WHAT NEEDS TO BE DONE: The required answer is an exact copy of the lines from the one containing "今日、3年生は球技大会です。校庭では男子がサッカーの試合をしています。" to the end of the listing, both included, without any pictures.

RECORDS SHOWN:
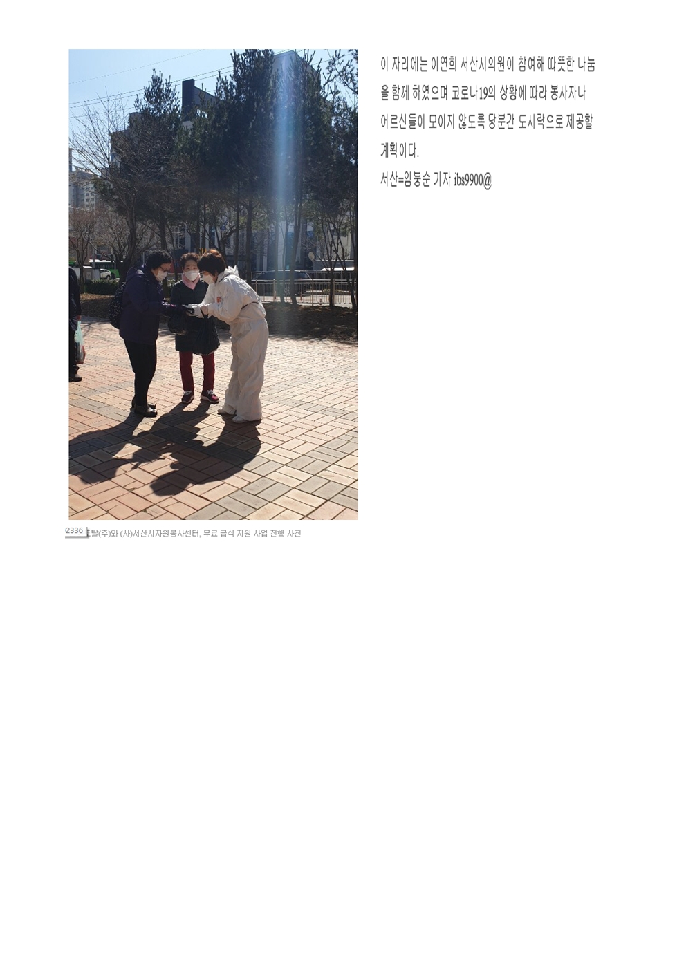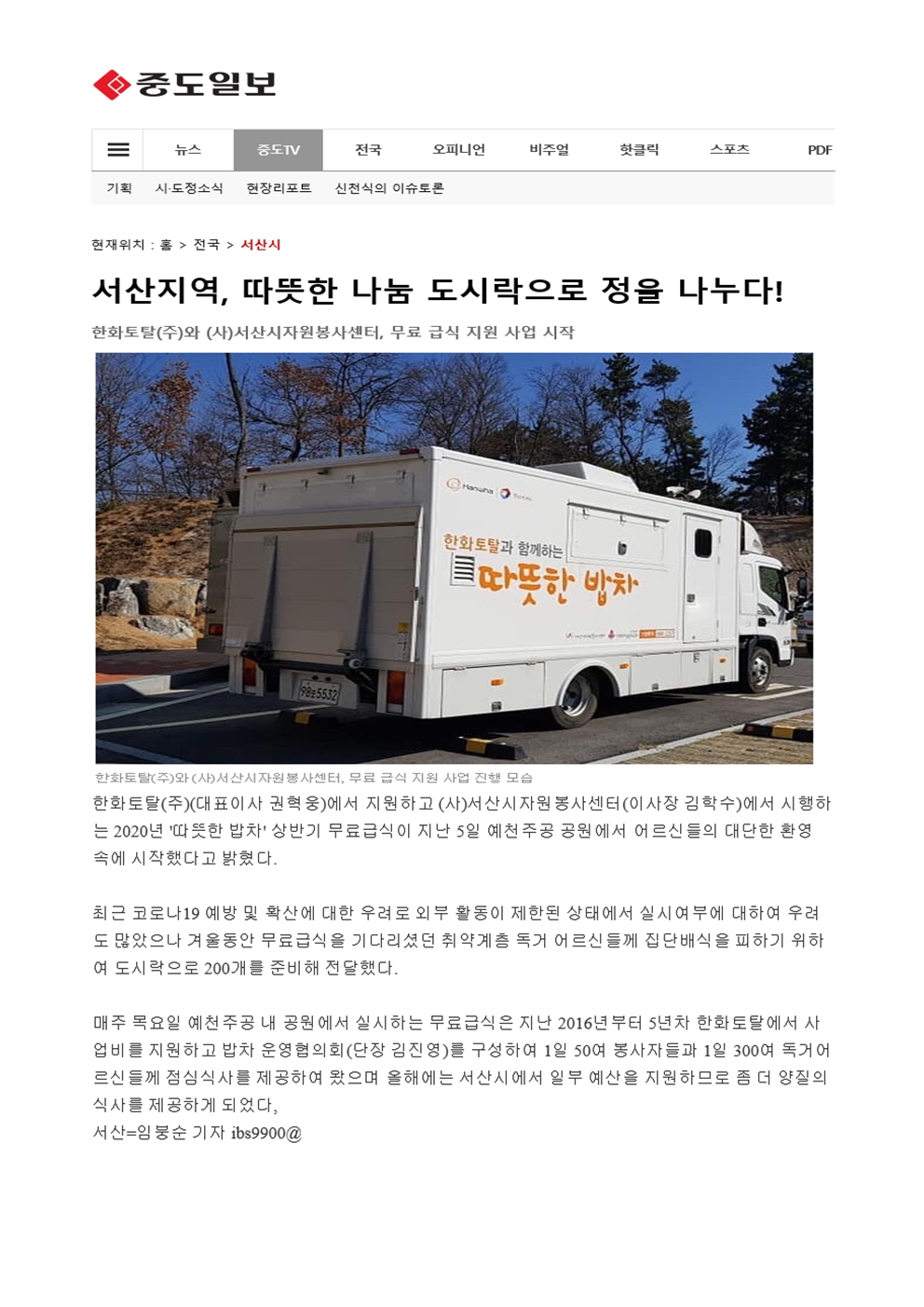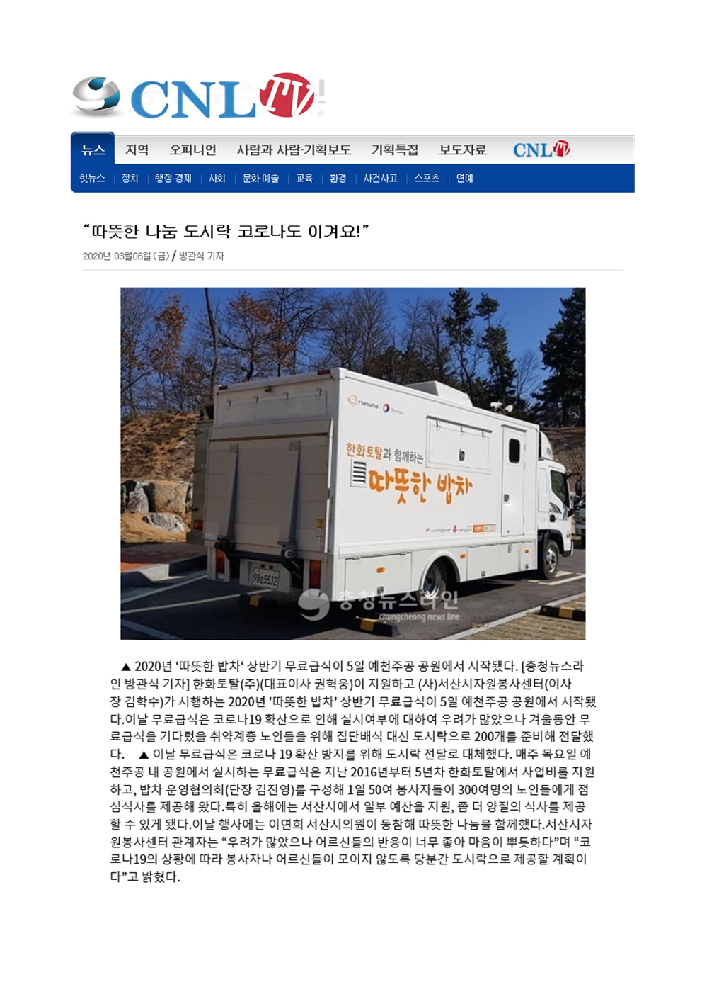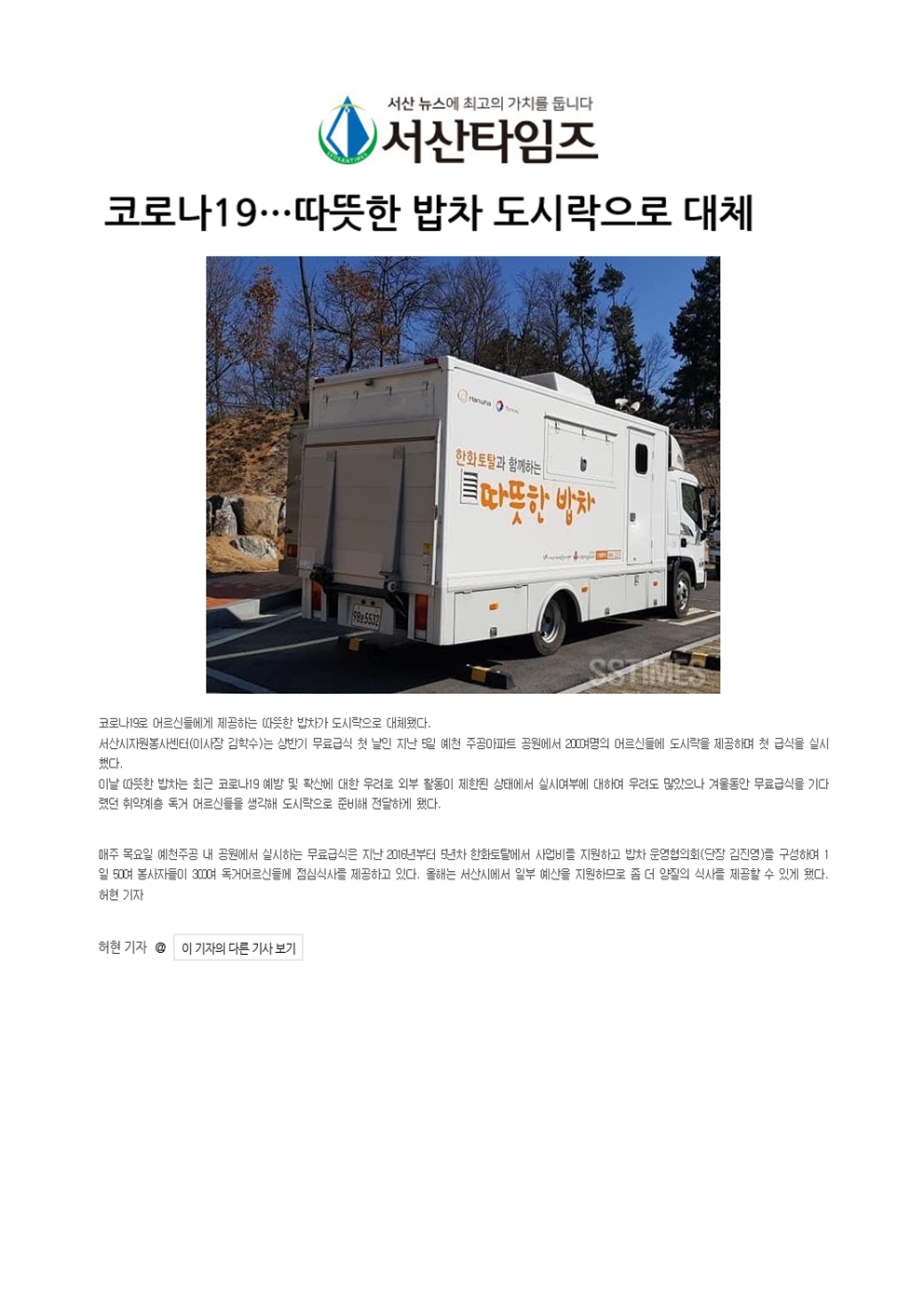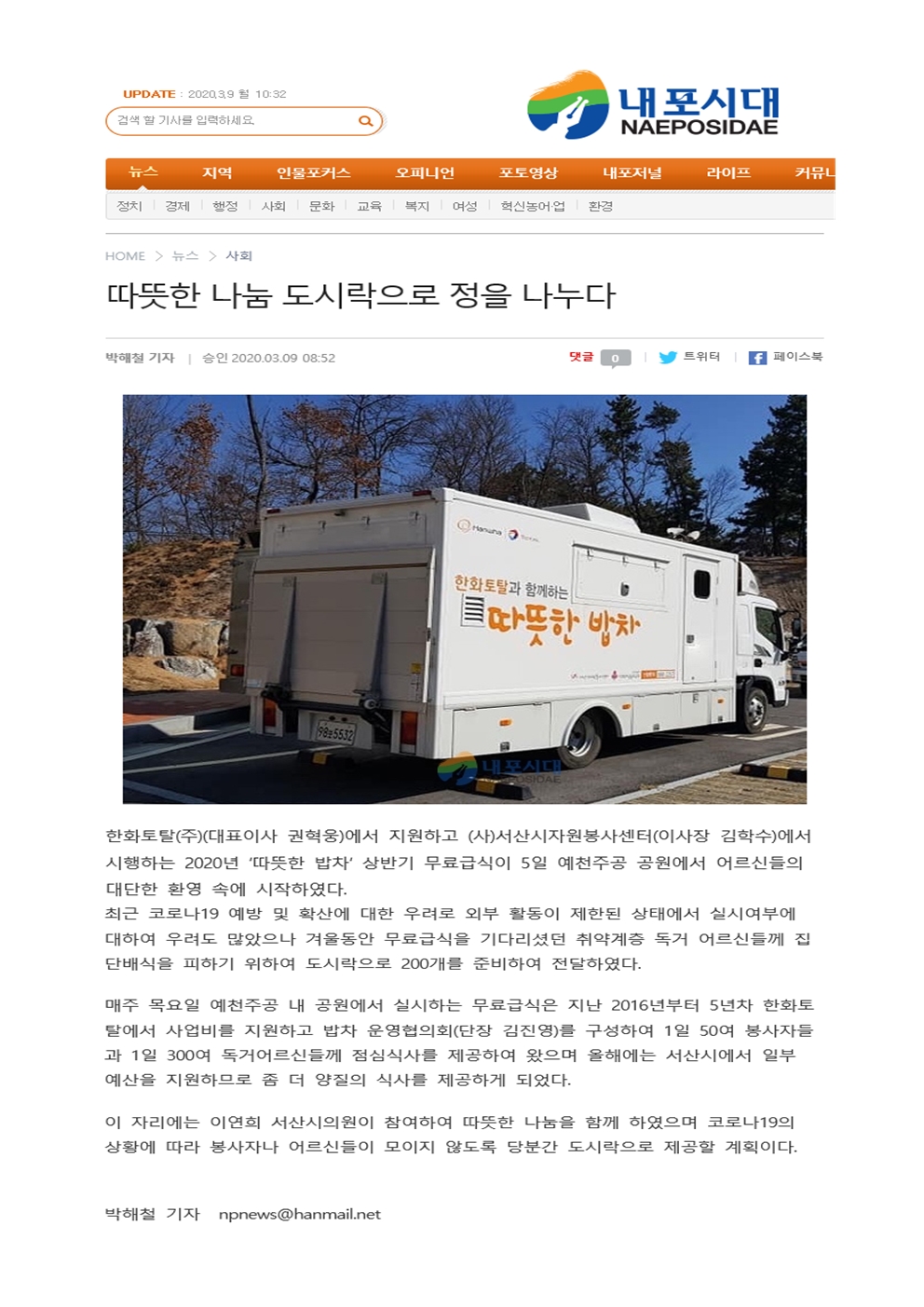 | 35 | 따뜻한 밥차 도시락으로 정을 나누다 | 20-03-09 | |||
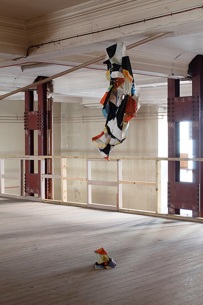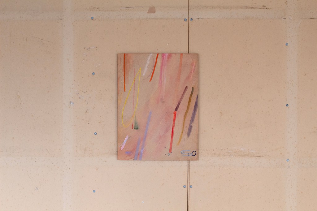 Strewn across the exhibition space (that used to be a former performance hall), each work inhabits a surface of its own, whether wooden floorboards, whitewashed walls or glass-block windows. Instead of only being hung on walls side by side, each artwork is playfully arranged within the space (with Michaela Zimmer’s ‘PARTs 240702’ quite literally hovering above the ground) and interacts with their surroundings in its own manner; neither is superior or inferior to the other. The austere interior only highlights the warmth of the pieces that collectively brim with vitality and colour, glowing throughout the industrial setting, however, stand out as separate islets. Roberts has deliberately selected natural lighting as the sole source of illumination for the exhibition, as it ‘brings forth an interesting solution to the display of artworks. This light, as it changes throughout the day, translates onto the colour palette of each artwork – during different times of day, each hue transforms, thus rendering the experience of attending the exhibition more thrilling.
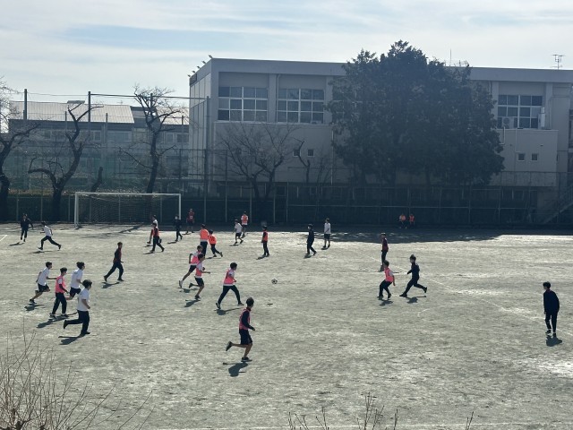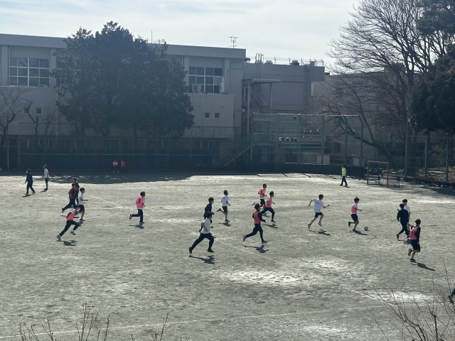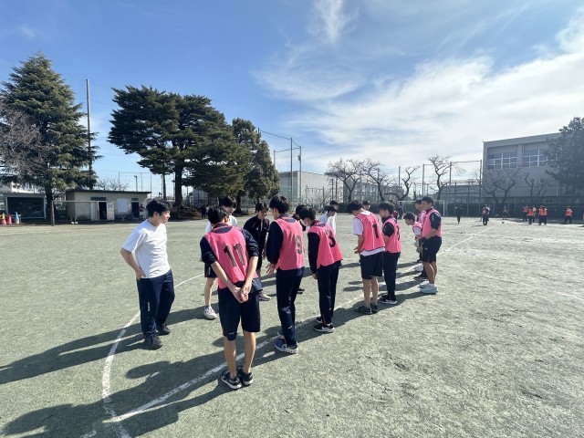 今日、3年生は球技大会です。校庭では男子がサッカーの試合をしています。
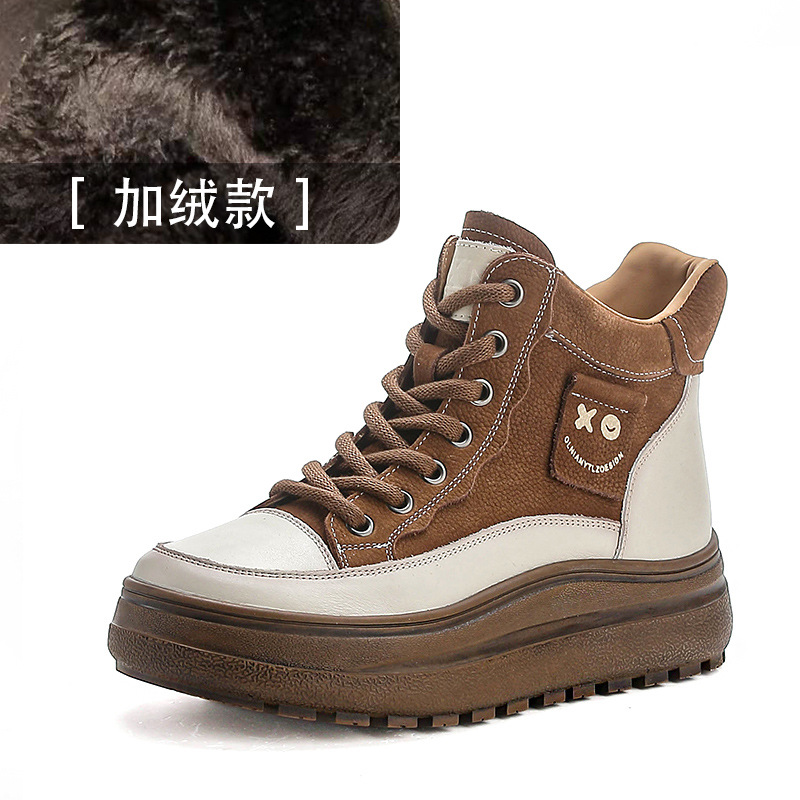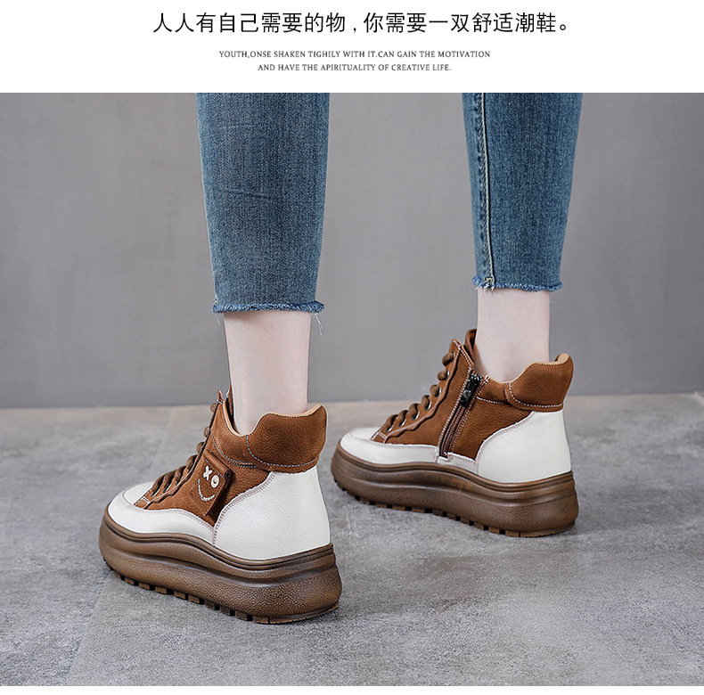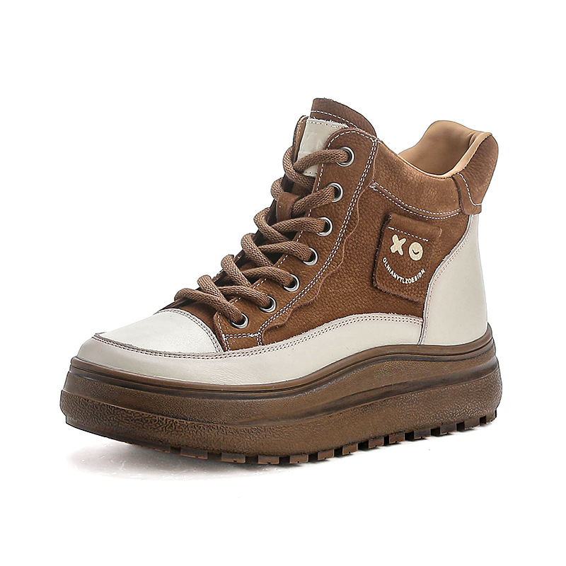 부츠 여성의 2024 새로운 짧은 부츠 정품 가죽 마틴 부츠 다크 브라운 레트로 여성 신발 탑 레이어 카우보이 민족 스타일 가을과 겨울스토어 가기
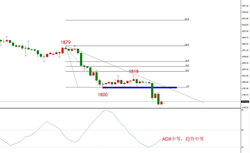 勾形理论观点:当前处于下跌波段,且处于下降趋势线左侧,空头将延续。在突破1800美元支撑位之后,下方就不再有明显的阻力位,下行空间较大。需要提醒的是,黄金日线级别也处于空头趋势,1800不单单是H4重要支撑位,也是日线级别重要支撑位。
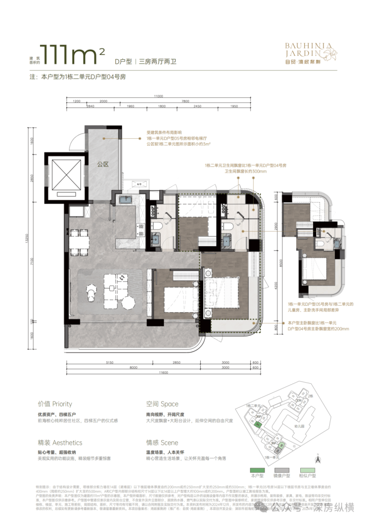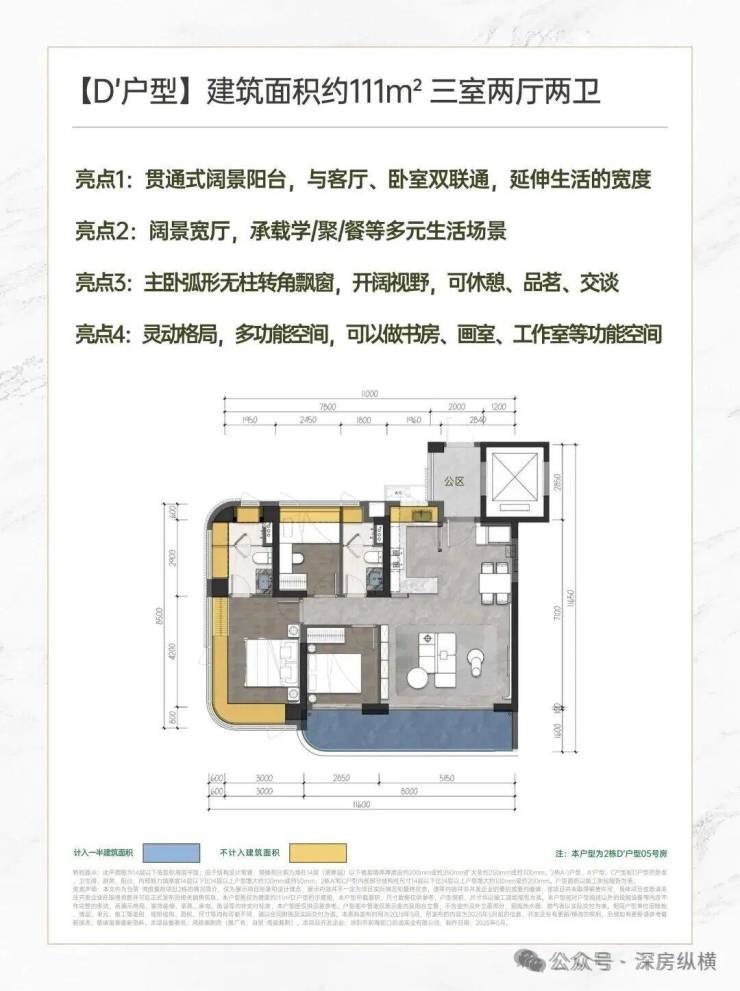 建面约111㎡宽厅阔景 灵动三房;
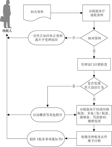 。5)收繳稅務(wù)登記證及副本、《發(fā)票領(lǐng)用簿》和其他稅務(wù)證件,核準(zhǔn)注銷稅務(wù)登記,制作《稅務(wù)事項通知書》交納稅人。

TASK RESULT:
 今日、3年生は球技大会です。校庭では男子がサッカーの試合をしています。
 부츠 여성의 2024 새로운 짧은 부츠 정품 가죽 마틴 부츠 다크 브라운 레트로 여성 신발 탑 레이어 카우보이 민족 스타일 가을과 겨울스토어 가기
 勾形理论观点:当前处于下跌波段,且处于下降趋势线左侧,空头将延续。在突破1800美元支撑位之后,下方就不再有明显的阻力位,下行空间较大。需要提醒的是,黄金日线级别也处于空头趋势,1800不单单是H4重要支撑位,也是日线级别重要支撑位。
 建面约111㎡宽厅阔景 灵动三房;
 。5)收繳稅務(wù)登記證及副本、《發(fā)票領(lǐng)用簿》和其他稅務(wù)證件,核準(zhǔn)注銷稅務(wù)登記,制作《稅務(wù)事項通知書》交納稅人。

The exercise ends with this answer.